Biomolecules,Artificial Intelligence,Machine Learning
What problem does this paper attempt to address?
The paper aims to address the limitations present in current molecular generation models, where most existing models only pursue the basic properties of generated molecules (such as chemical validity, uniqueness, etc.), and few models can simultaneously optimize multiple important molecular properties (e.g., Quantitative Estimate of Drug-likeness (QED) and penalized logP value (PlogP)). Therefore, the goal of the paper is to propose a new method to generate molecules with multiple desired properties. Specifically, the main contributions of the paper include: 1. **Multi-attribute optimization**: A novel method is proposed to generate molecules with multiple desired properties, marking the first attempt to simultaneously optimize multiple properties in generated molecules. 2. **Dual-level diffusion model**: The diffusion model framework is improved by diffusing at two structural levels (whole molecule and molecular fragments) in the form of a mixture of Gaussian distributions. 3. **Molecular fragmentation method based on electronic effects**: A new molecular fragmentation method is developed, based on electronic effects, to select fragments closely related to molecular properties. 4. **Multi-objective optimization strategy**: Two strategies are employed to optimize multiple properties of generated molecules.
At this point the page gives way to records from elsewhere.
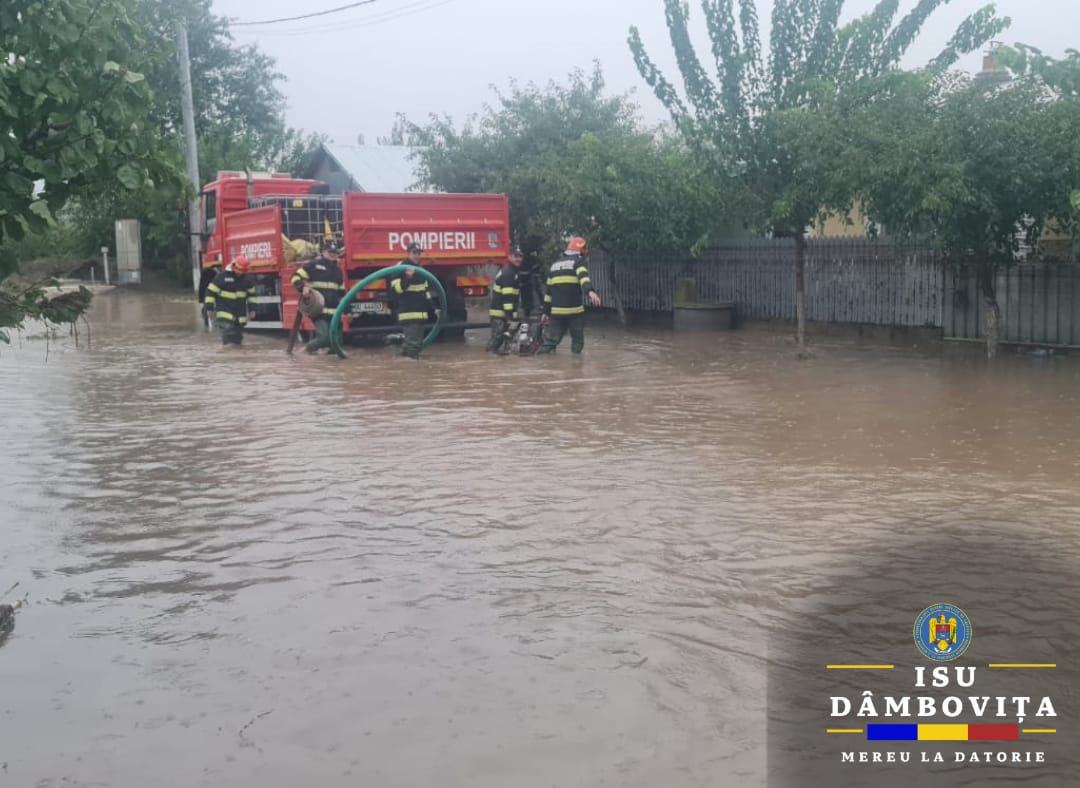 Pompierii Inspectoratului pentru Situații de Urgență „Basarab I” al județului Dâmbovița acționează în localitatea Cuza Vodă, județul Galați, pentru evacuarea apei din gospodăriile afectate de inundații.
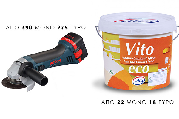 – Οικολογικό πλαστικό χρώμα VITO ECO ΠΛΑΣΤΙΚΟ της Vitex από 22 ευρώ ΜΟΝΟ με 18 ευρώ.
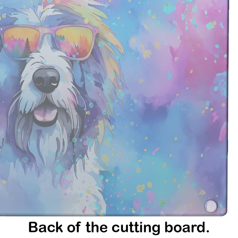 Caroline's Treasures DAC2534LCB Old English Sheepdog Hippie Dawg Glass Cutting Board Large Decorative Tempered Glass Kitchen Cutting and Serving Board Large Size Chopping Board
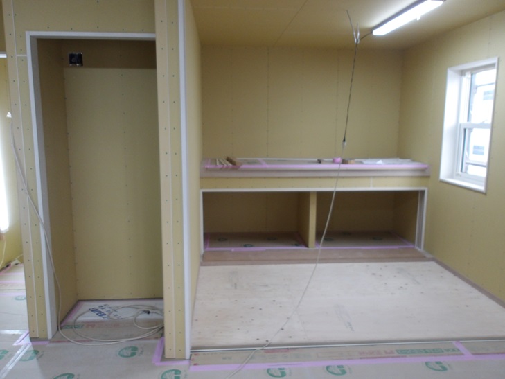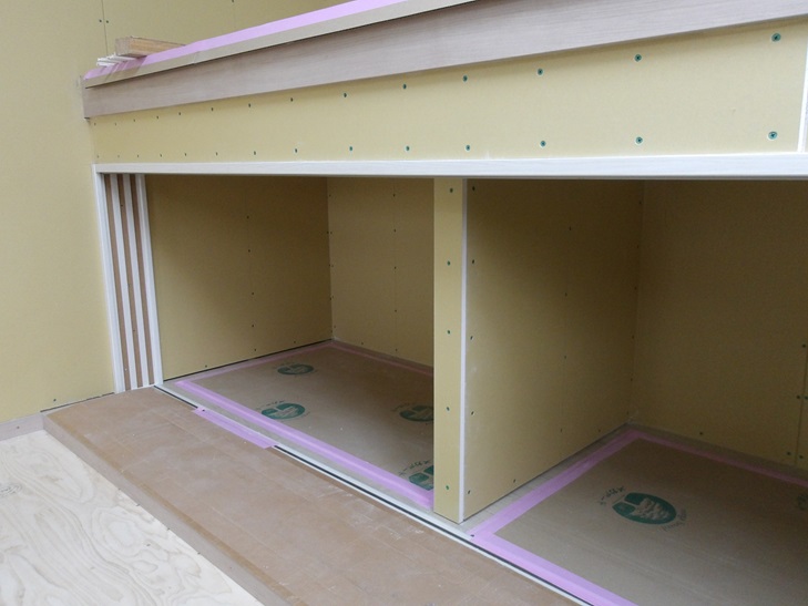リビング壁の石膏ボード張りです。

One is to use an energy-guided function to optimize the validity of molecules; the other is to use a multi-objective mechanism to simultaneously optimize multiple properties. Experimental results show that the proposed model outperforms the current state-of-the-art models on benchmark datasets QM9 and ZINC250K, achieving 100% in basic properties such as validity and uniqueness, and significantly outperforming other models in key properties such as QED and PlogP. This demonstrates the effectiveness of the new method in generating high-quality molecules with multiple desired properties.